Cumhurbaşkanı İlham Aliyev’in belirttiği gibi, Azerbaycan’ın iklim diplomasisinin temel sloganı olan “Yeşil Dünya İçin Dayanışma” yaklaşımı, küresel sorunların çözümüne yönelik dünya devletlerini bir araya getirmeyi teşvik etmekte ve çevresel güvenliğin sağlanmasında tüm ülkeleri eşit ortaklığa davet etmektedir. Özellikle gelişmiş ve gelişmekte olan ülkeler arasında çevresel sorumluluğun adil bir şekilde paylaşılması, Azerbaycan devletinin öncelikli hedeflerinden biri olarak öne çıkmaktadır. Cumhurbaşkanı İlham Aliyev, küçük ve zayıf ekonomilere sahip ülkelerin iklim değişikliğinin olumsuz etkilerinden daha fazla zarar gördüğünü vurgulayarak, bu ülkelerin ihtiyaçlarının göz önünde bulundurulmasının uluslararası dayanışmanın güçlendirilmesi açısından temel bir şart olduğunu ifade etti.
Bakü COP29 zirvesi, Azerbaycan’ın çevresel tarihinde önemli bir sayfa olmanın yanı sıra dünya kamuoyuna ülkemizin sürdürülebilir kalkınma alanında elde ettiği başarıları ve geleceğe yönelik planlarını sergileme fırsatı sundu. Zirveye 80’den fazla devlet ve hükümet başkanı ile 76 binden fazla katılımcının iştirak ettiği tartışmalar, Azerbaycan’ın uluslararası meselelerdeki önemli rolünün daha da pekiştirilmesine hizmet etti. Cumhurbaşkanı İlham Aliyev’in konuşmasında vurguladığı temel konulardan biri de Azerbaycan’ın yenilenebilir enerji kaynaklarının geliştirilmesi ve bu alandaki lider pozisyonunu daha da güçlendirme yolunda attığı adımlardı. Ülkemiz, iklim değişikliklerinin etkilerinin azaltılması, karbon salınımlarının sınırlandırılması ve çevrenin korunması konularında sunduğu girişimlerle dünya çapında örnek bir devlet olarak tanınmaktadır.

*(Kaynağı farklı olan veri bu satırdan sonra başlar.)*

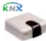
IS-IR-KNX-1i (CL 99 096)
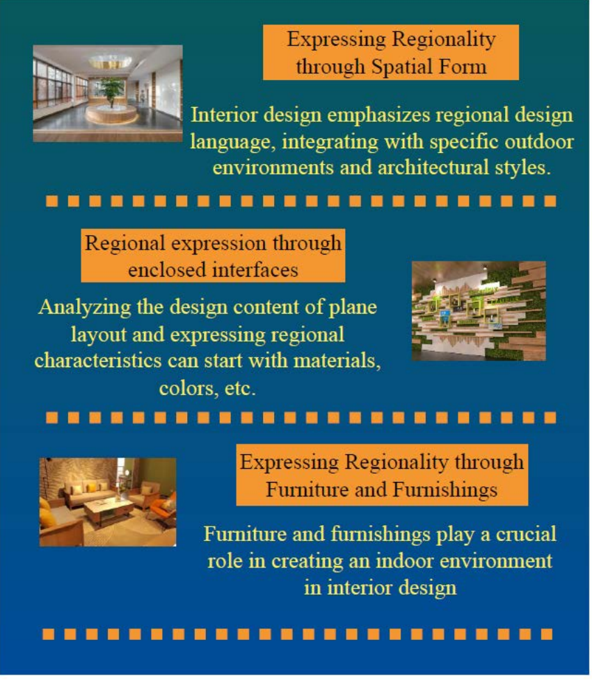
Fig.2 Interior Space Image Design

① to express regionality through spatial forms.
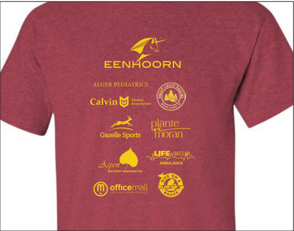
Sponsor logos on back
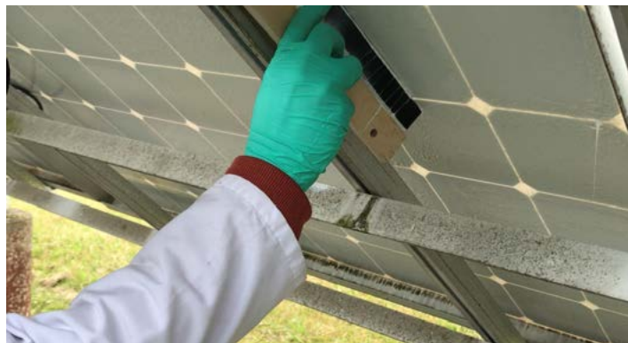
Smoothing the layer
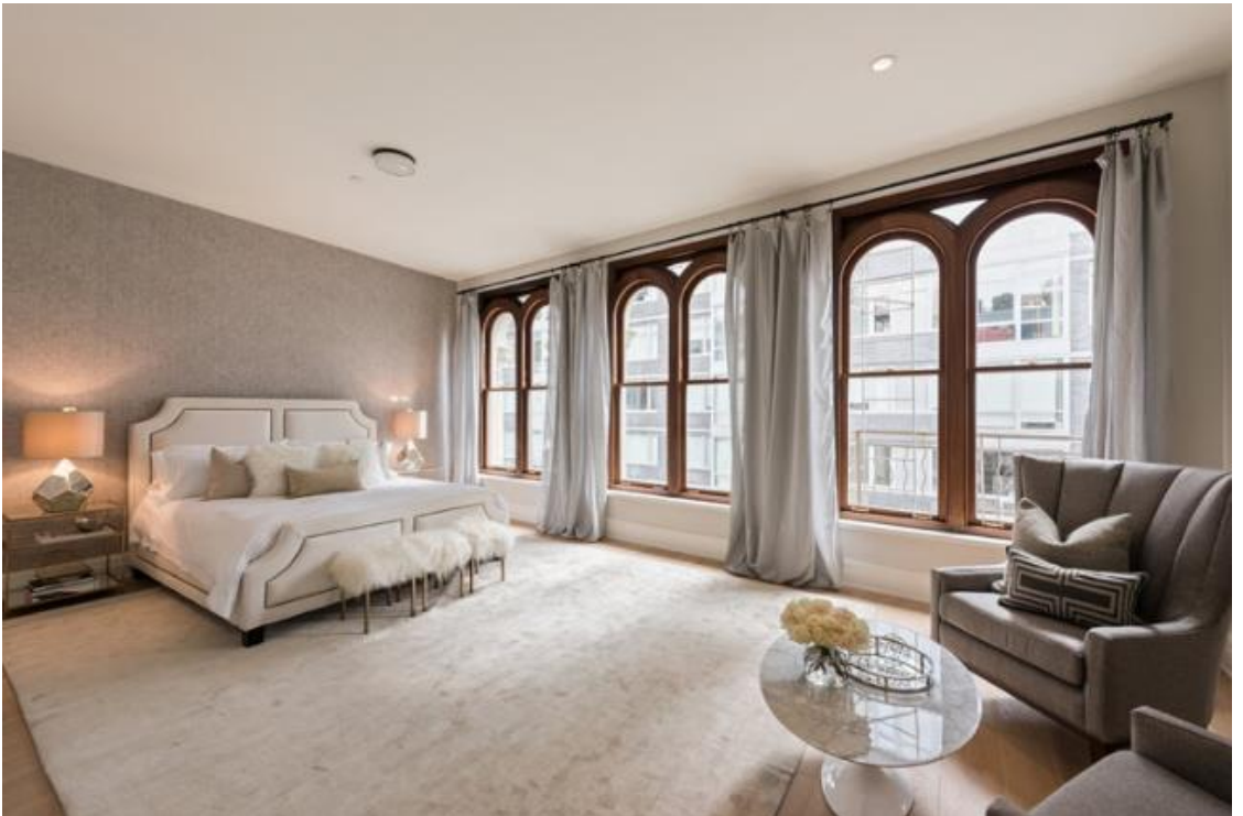
LAYERING A VARIETY OF TEXTURES THROUGHOUT THE BEDSCAPE ELEVATES THE USE OF NATURAL, NEUTRAL TONES; CREATING A CALM VIBE FOR THE END OF THE DAY AND A FRESH START IN THE MORNING.

Layering a variety of textures throughout the bedscape elevates the use of natural, neutral tones; creating a calm vibe for the end of the day and a fresh start in the morning.
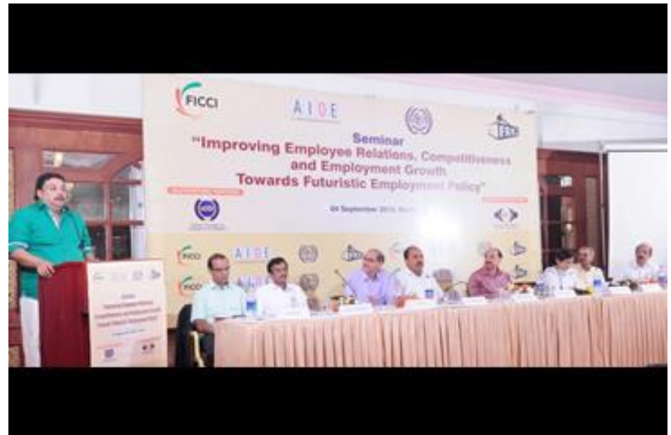
Image 4: Seminar on "Improving Employee Relations, Competitiveness and Employment Growth Towards Futuristic Employment Policy"
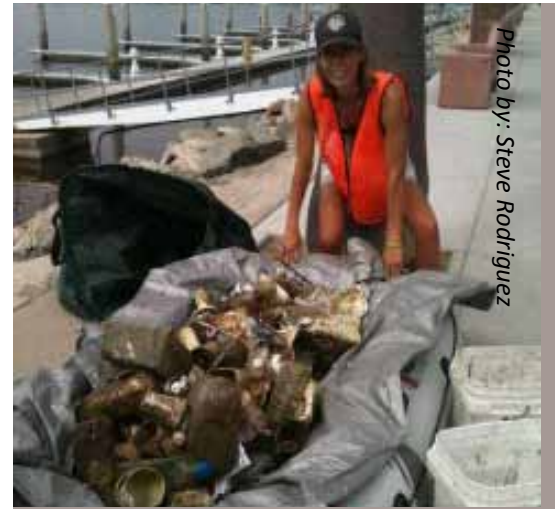
Trash Patrol picking up debirs around the harbor.
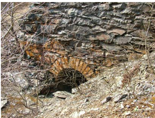
033) Dressing Floor – 30ft x 4ft wheel-pit (close up detail of drain arch)
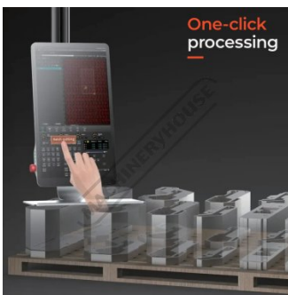
One click processing

Cumhurbaşkanı İlham Aliyev konuşmasında Azerbaycan’ın 2035 yılına kadar belirlediği stratejik hedeflere de değinerek, bu süreçte ülkemizin karbon salınımlarını daha da azaltacağını, yenilenebilir enerji kaynaklarının kullanımını genişleteceğini ve çevresel güvenliği sağlama alanında önemli ilerlemeler kaydedeceğini beyan etti. Devlet başkanı, bu alanda alınan önlemlerin yalnızca ülkemiz için değil, aynı zamanda küresel ölçekte sürdürülebilir kalkınma ilkelerinin hayata geçirilmesi açısından büyük önem taşıdığını vurguladı. Azerbaycan’ın iklim değişikliğiyle mücadelede aktif katılımının, Cumhurbaşkanı İlham Aliyev’in liderliğinde daha geniş ölçekte devam ettirileceği ve ülkemizin bu alandaki liderliğinin daha da güçleneceği ifade edildi.
Cumhurbaşkanı İlham Aliyev’in COP29 zirvesindeki konuşması, Azerbaycan’ın uluslararası arenada küresel sorunların çözümüne yönelik lider pozisyonunu ve dünya ülkeleri arasında iş birliği ile dayanışma ortamının sağlanmasındaki önemli rolünü bir kez daha ortaya koydu. Bakü COP29 zirvesi, yalnızca Azerbaycan için değil, tüm dünya için önemli sonuçların elde edilmesine zemin hazırladı. Cumhurbaşkanının liderliğinde Azerbaycan, iklim değişikliğiyle mücadele, çevresel güvenliğin sağlanması ve sürdürülebilir kalkınma ilkelerinin gerçekleştirilmesi alanındaki çabalarını kararlılıkla sürdürecektir. Bu tarihi an, hem ülkemizin uluslararası konumunun güçlenmesi hem de dünya halklarının ortak geleceği için atılan önemli bir adım olarak hatırlanacaktır.